1. Read Chapter 12 of the Moler text, and think through how the provided code updates the very first and last cells in the grid. What specific line or lines of code are responsible for these “boundary conditions”? Do the boundary conditions make the domain effectively infinite? Why or why not?

2. Write your own Game of Life code as a Matlab function, following these steps. Open the file mylife.m and start enter these lines.

function mylife(X0,T,N)
   if nargin == 2; N = 20; end   
   if nargin == 1; T = 100; end 

Look up nargin in the help menu. What is the purpose of this part of the code?

3. Next set up the grid and assign initial layout to the center.

  [m,n] = size(X0);    % get size of initial condition   
   N2 = floor(N/2);    % approx center of grid
   X=sparse(N,N);      % allocate sparse matrix
 
   X(N2:N2+m-1, N2:N2+n-1) = X0;  % assign X0 to center of X

4. Initialize to zero a variable to count the discrete time t and then start a loop that stops after T iterations

5. At each time step, plot a marker for each live cell. There are two alternatives for this code.

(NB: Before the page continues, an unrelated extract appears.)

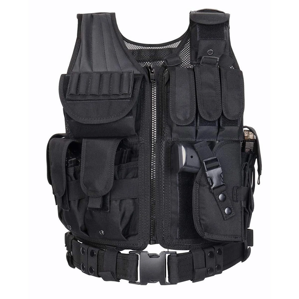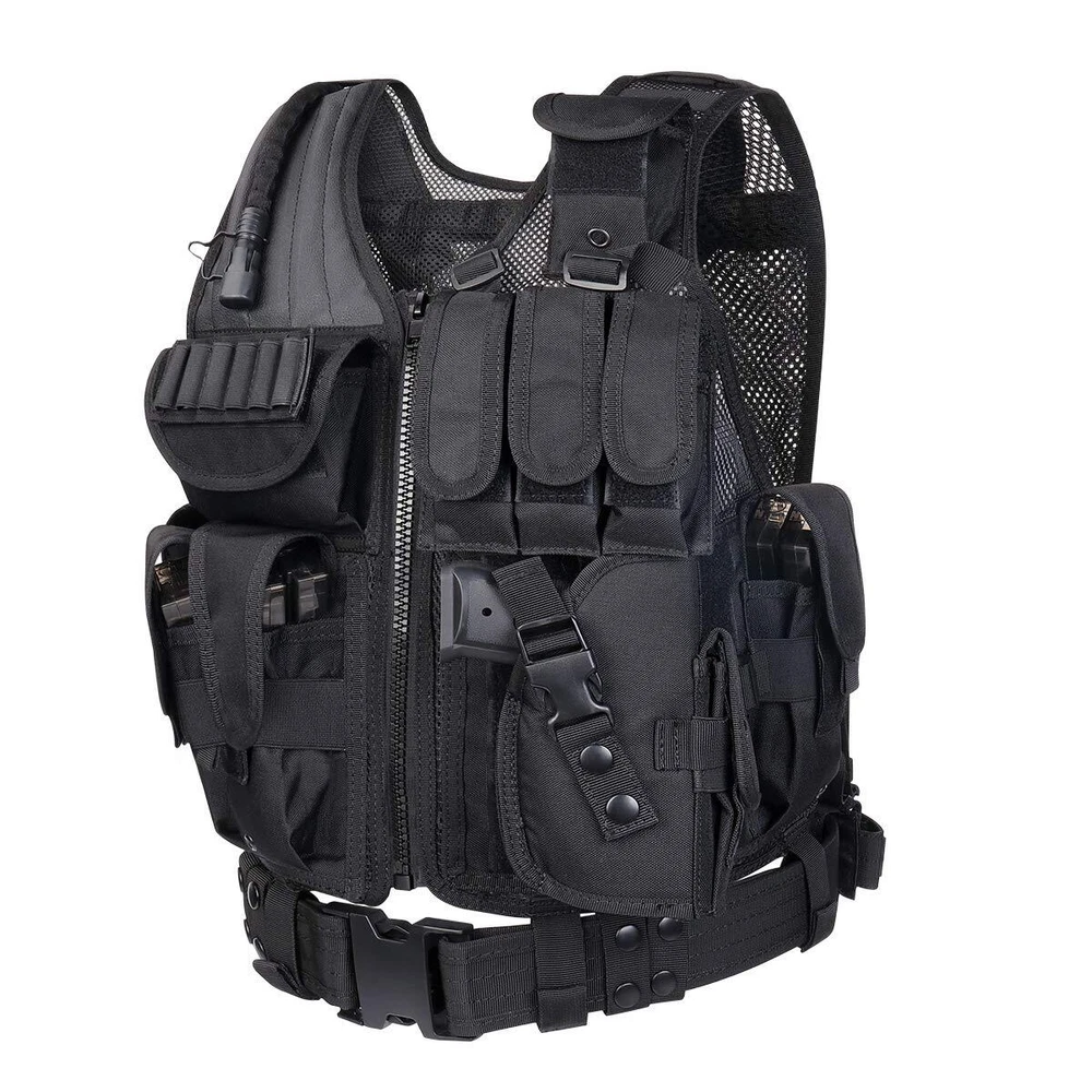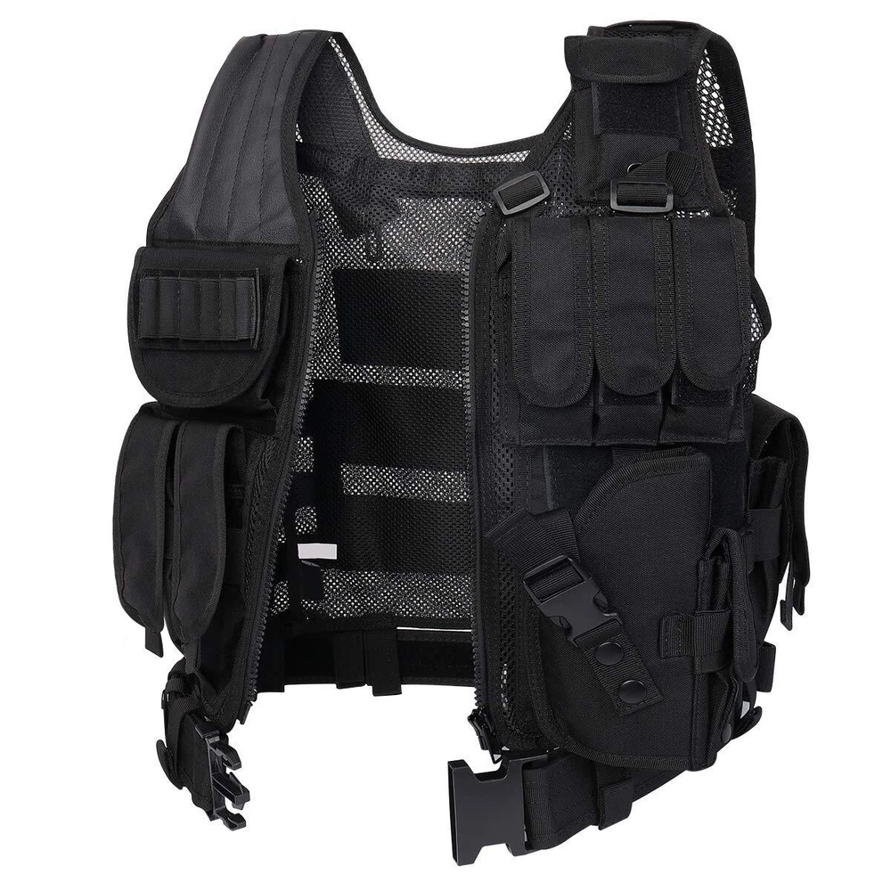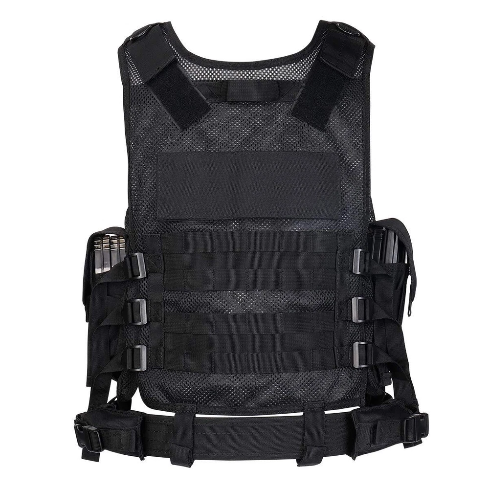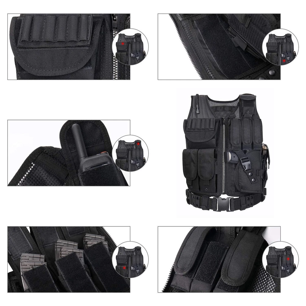 30-Days NO RISK 100% Full Assurance for any reason .The best and only Tactical vest you'll ever need. If you are not satisfied for any reason,such as size and any other reason, money back ! SIZE’ Adjustable for adults, S-XXXXL: the maximum waist is 57 inches (145cm), the smallest waist is 35 inches (89CM); the longest length is 22.5 inches (57cm); the shortest length is 20.5 inches (52cm), it could be adjusted to fit the shoulder and waist size. NOTE:Different people and different assembly methods will cause differences in waist circumference and belt size on both sides,please be patient to adjust it. High Quality and Durable: made of 600D Encryption Polyester. High Quality materials and stitching. Mesh marterial for ventilation and comfort, Heavy duty back loop system for modular attachments. MOLLE & VELCRO: Rear panel of the vest is constructed with modular webbing for attaching additional gear and pouches. Rear of vest features an internal hydration pouch (bladder not included) Multi-options bag: 1 Deluxe Universal Holster, 3 Deluxe Adjustable Mag Pouches, 3 Deluxe Universal Mag/Flashlight Pouches 1 Radio Pouch,1 Large ID Pouch , Sniper Shoulder. A Great Modular Tactical Vest for Airsoft and Paintball games. This tactical vest is a great choice for you,you will get best performance in paintball, airsoft and other outdoor activities such as camping and even on duty.

The spy function will plot a marker for each nonzero element of a sparse matrix, but it's not very flexible with the marker symbols. This will plot blue squares

spy(X,'bs'); 

A more complicated but ultimately more satisfying way to plot the live cells uses the find command, which returns a list of the i,j coordinates and the x values of nonzero elements of a sparse matrix. This code will plot a solid blue square at each live cell.

[i,j,x] = find(X);
plot(j,i,'bs','MarkerEdgeColor','b','MarkerFaceColor','b','MarkerSize',4);
axis image

Use this latter code unless you can't get your Game of Life code to run correctly. In that case, use the simpler spy plotting code to debug, and then replace it with find and plot once your code is running correctly.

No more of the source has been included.